Searching for range '2008-07-10-00-00-00 to 2008-07-10-23-59-59' using RangeQuery
Number of hits: 2
Hit: C:\projects\workspace\demo\filesToIndex\deron-foods.txt
Hit: C:\projects\workspace\demo\filesToIndex\nicole-foods.txt

Searching for range '2008-07-11-00-00-00 to 2008-07-11-23-59-59' using RangeQuery
Number of hits: 0

Searching for range '2008-07-10-00-00-00 to 2008-07-10-21-21-02' using RangeQuery
Number of hits: 1
Hit: C:\projects\workspace\demo\filesToIndex\deron-foods.txt

Searching for range '2008-07-10-00-00-00 to 2008-07-10-21-21-02' using RangeQuery
Number of hits: 0

Searching for '[2008-07-10-00-00-00 TO 2008-07-10-23-59-59]' using QueryParser
Type of query: ConstantScoreRangeQuery
Number of hits: 2
Hit: C:\projects\workspace\demo\filesToIndex\deron-foods.txt
Hit: C:\projects\workspace\demo\filesToIndex\nicole-foods.txt

Searching for '[2008-07-11-00-00-00 TO 2008-07-11-23-59-59]' using QueryParser
Type of query: ConstantScoreRangeQuery
Number of hits: 0

Searching for '[2008-07-10-00-00-00 TO 2008-07-10-21-21-02]' using QueryParser
Type of query: ConstantScoreRangeQuery
Number of hits: 1
Hit: C:\projects\workspace\demo\filesToIndex\deron-foods.txt

Searching for '{2008-07-10-00-00-00 TO 2008-07-10-21-21-02}' using QueryParser
Type of query: ConstantScoreRangeQuery
Number of hits: 0

At the top of the console output, we can see that the two files get indexed, and that the "last modified" times for these files are "2008-07-10-21-21-02" (for deron-foods.txt) and "2008-07-10-21-21-38" (for nicole-foods.txt).

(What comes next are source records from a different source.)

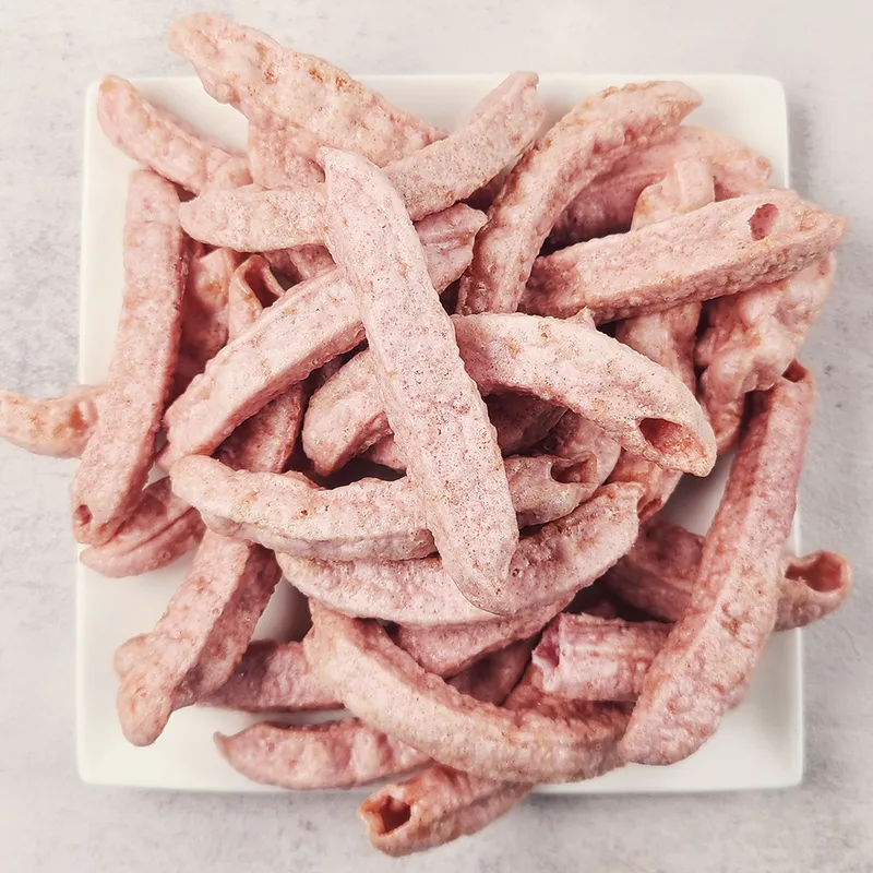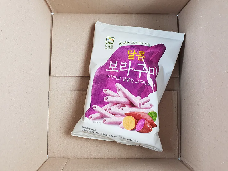 국내산 고구마를 사용하여 씹을 때마다 입안 가득 고구마의 풍미가 번져요. 은은하게 느껴지는 건강한 단맛! 가운데 구멍이 뚫려있는 스틱 형태의 과자로 바삭한 식감에 계속 손이 간답니다.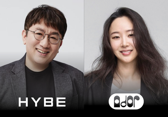 HYBE’s Bang Si-hyuk, left, and ADOR CEO Min Hee-jin [HYBE, ADOR]
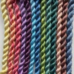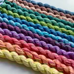 Mulberry spun silk thread (20/2nm) in skeins of approximately 20 yards, hand-dyed with Procion, and roughly similar to somewhere between a slightly chunky perle 8 or a fine perle 5.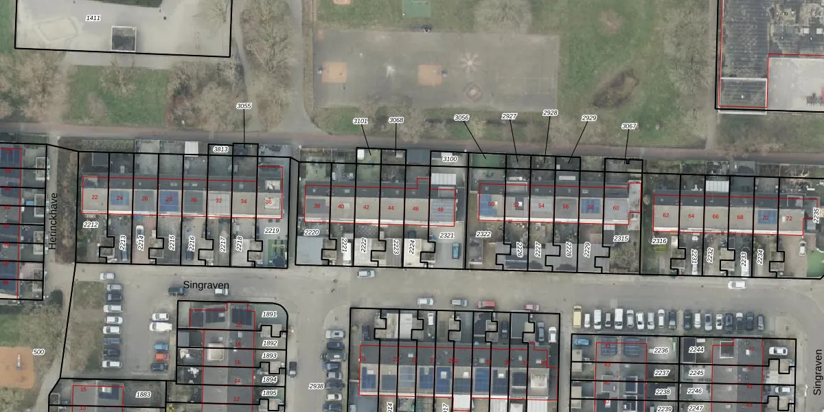 Gebruik de zoekbalk of klik op een perceel voor informatie over de adressen binnen dit perceel.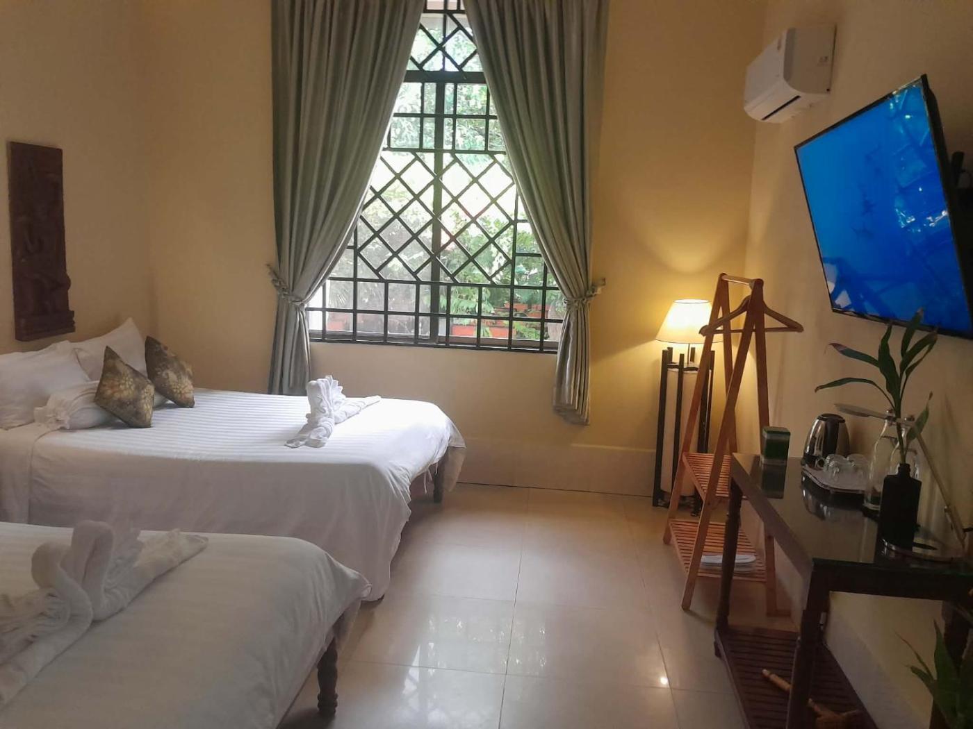 Large Twin Room. This large air-conditioned twin room opens up to views of the garden. It features 2 double beds and a 48-inch internet TV. The en suite bathroom includes shower facilities and free toiletries. ;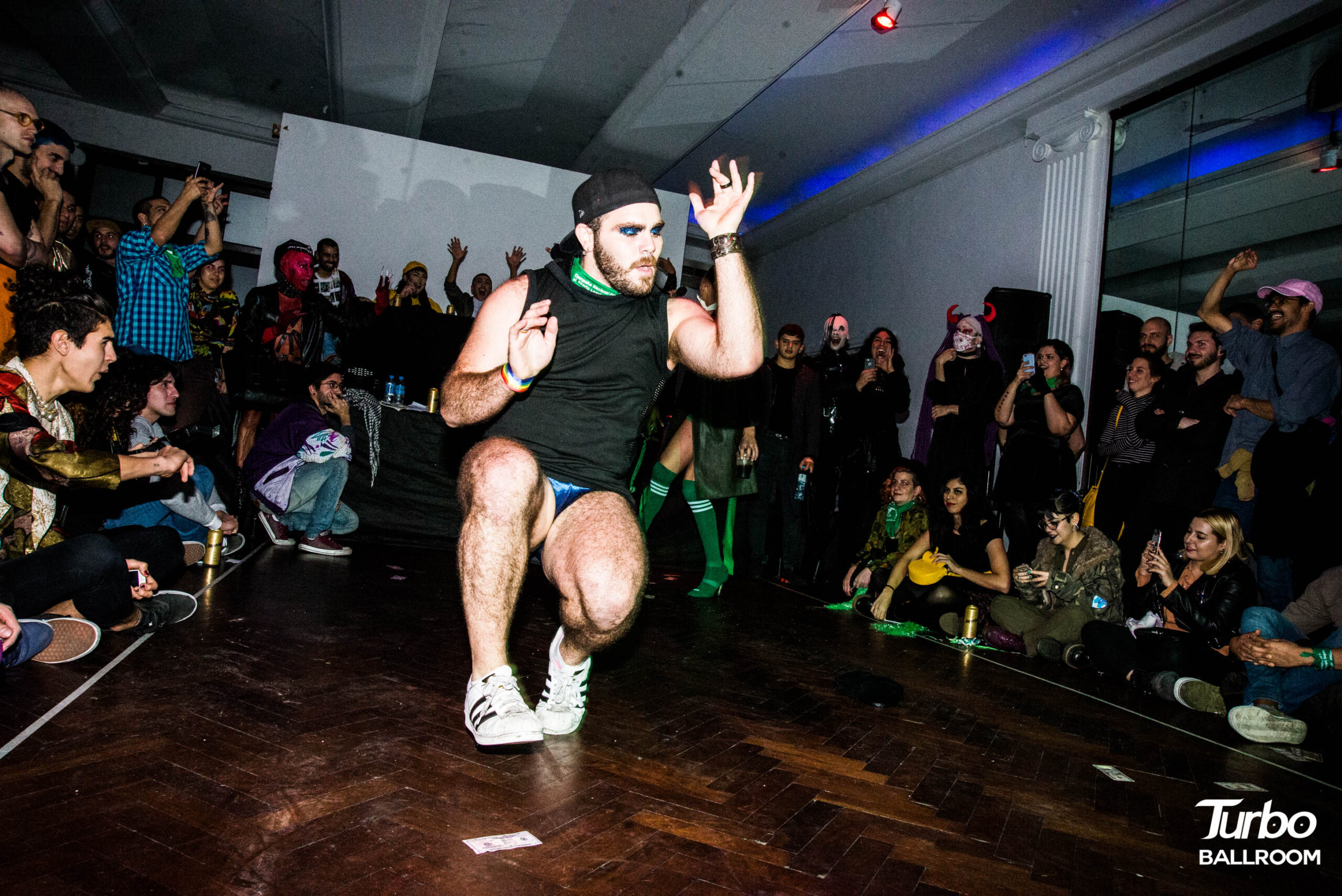 En voguing también participa Chaco, ahora enfundado en un conjuntito de Adidas. “Recién empecé a bailar en agosto. Una amiga me mostró videos de voguing y me enamoré. Dije: quiero ser parte. Después empecé a tomar clases y nutrirme de esto que me hace súper feliz. Me genera un montón de cosas súper lindas, pero al principio también me costó aprender a disfrutar de bailar”. Sin embargo, Chaco se convirtió en una estrella de la Turbo al ganar voguing además de runway en el ball anterior. Hoy ganaría el vogue de nuevo.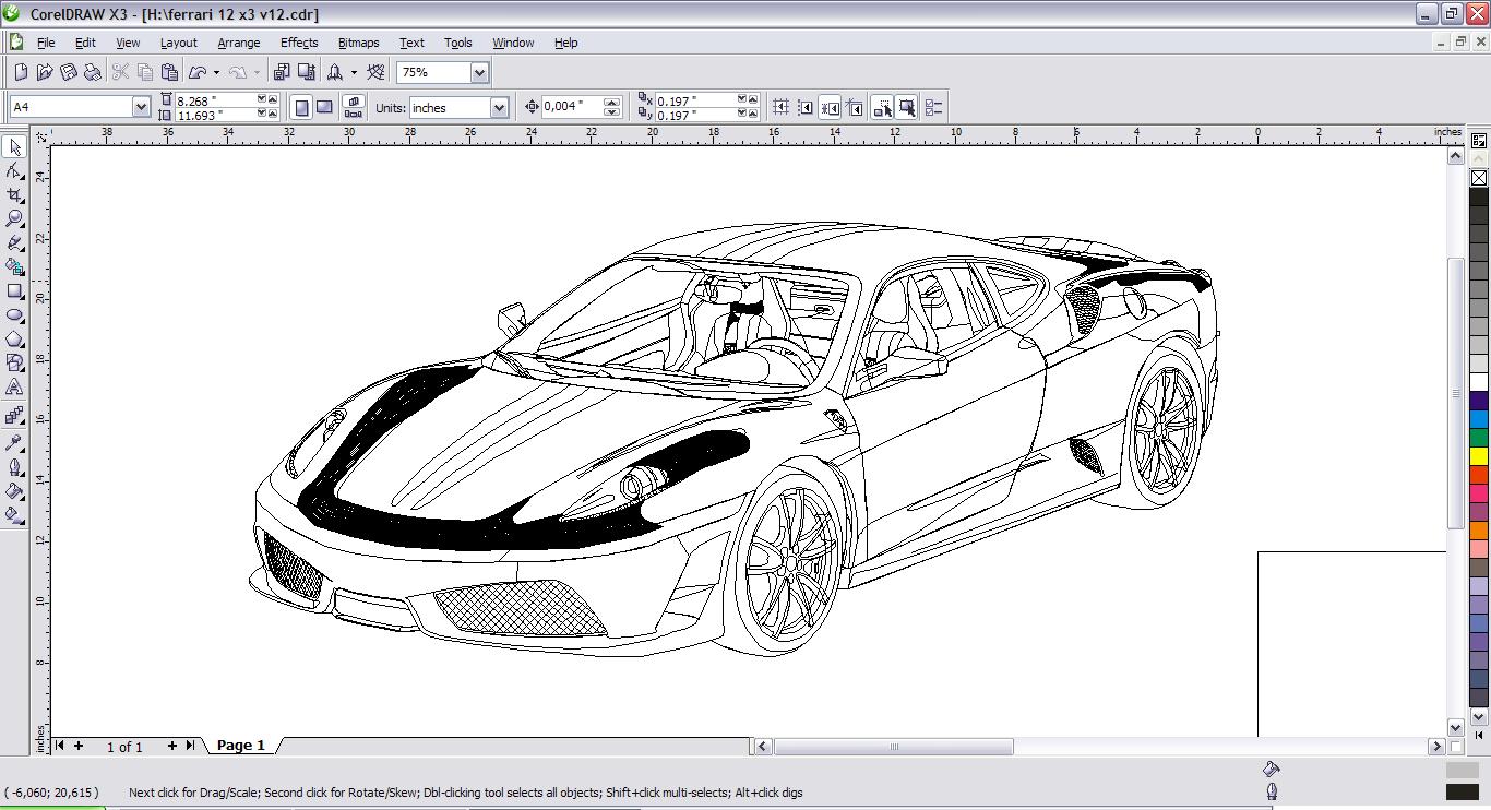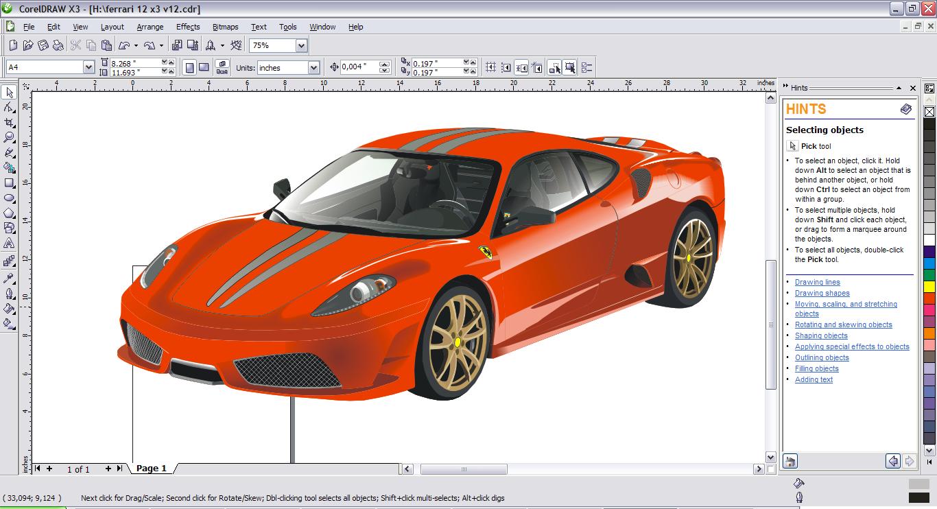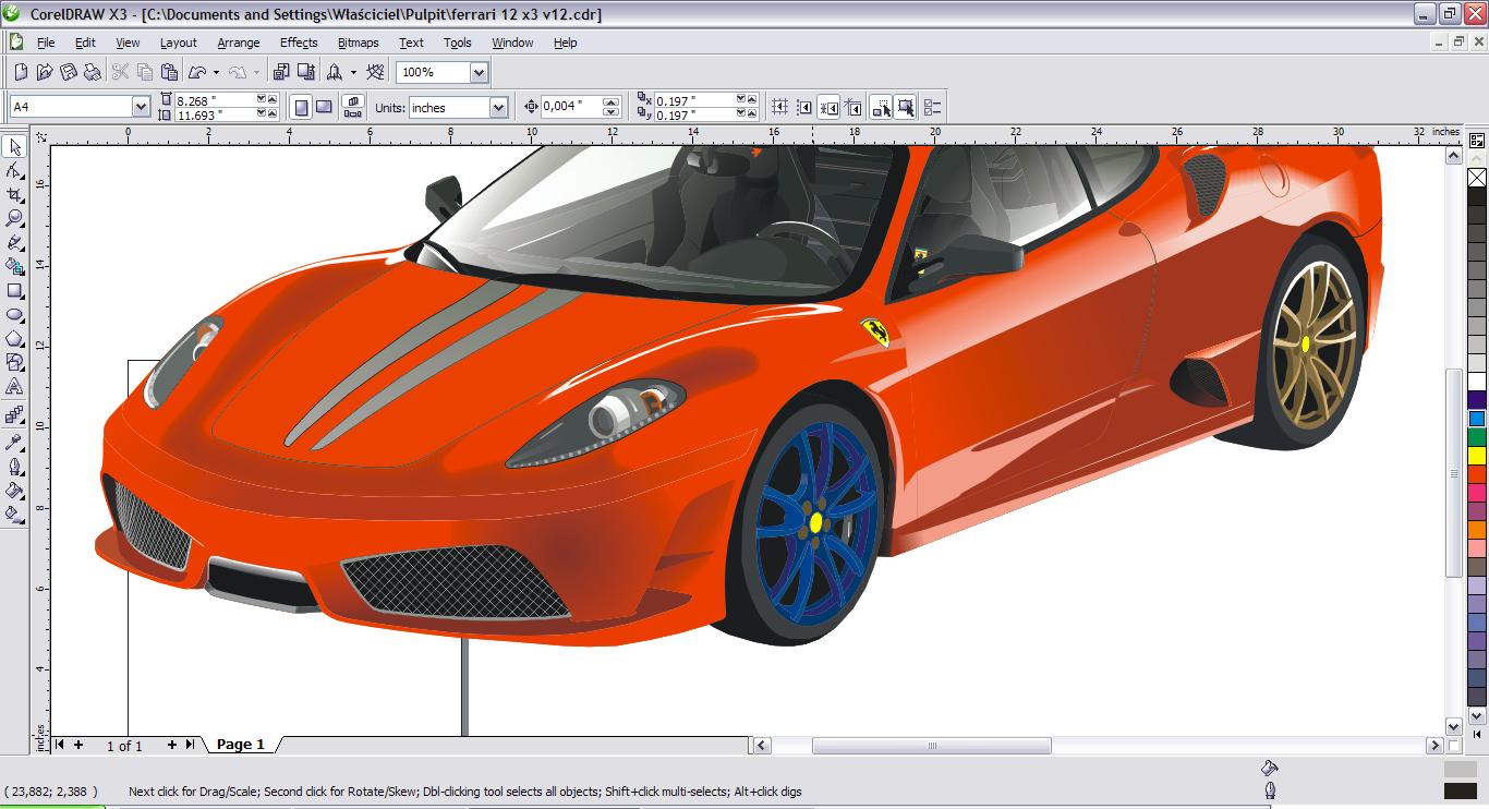 Do rysowania samochodu używałem tylko łamanej aby nadać kształt, przeźroczystości oraz nie wiem jak po polsku "Interactive Contour Tool" do robienia tych cieniować przy masce i przy prawym świetle.

In the first range query, we search for all files that were last modified on July 10th, 2008. This returns 2 hits since both files were last modified on this date. In the second range query, we search for all files that were last modified on July 11th, 2008. This returns 0 hits, since both documents were last modified on July 10th, 2008.

Next, we search in a range from 2008-07-10-00-00-00 to 2008-07-10-21-21-02, inclusively. Since deron-foods.txt was last modified at 2008-07-10-21-21-02 and the range query includes this value, we get one search hit. Following this, we search in a range from 2008-07-10-00-00-00 to 2008-07-10-21-21-02, exclusively. Since deron-foods.txt was last modified at 2008-07-10-21-21-02 and the range query doesn't include this value (since it is excluded), this search returns 0 hits.

After this, our next four searches show the equivalent searches performed using a QueryParser object. Notice that QueryParser's parse() method returns a ConstantScoreRangeQuery object rather than a RangeQuery object for each of these queries, as we can see from the console output for these queries.

Range queries are a great way to query across a range of values. They are probably most useful in terms of their ability to handle ranges of dates, although they can be used for other things such as file sizes and alphabetical ranges.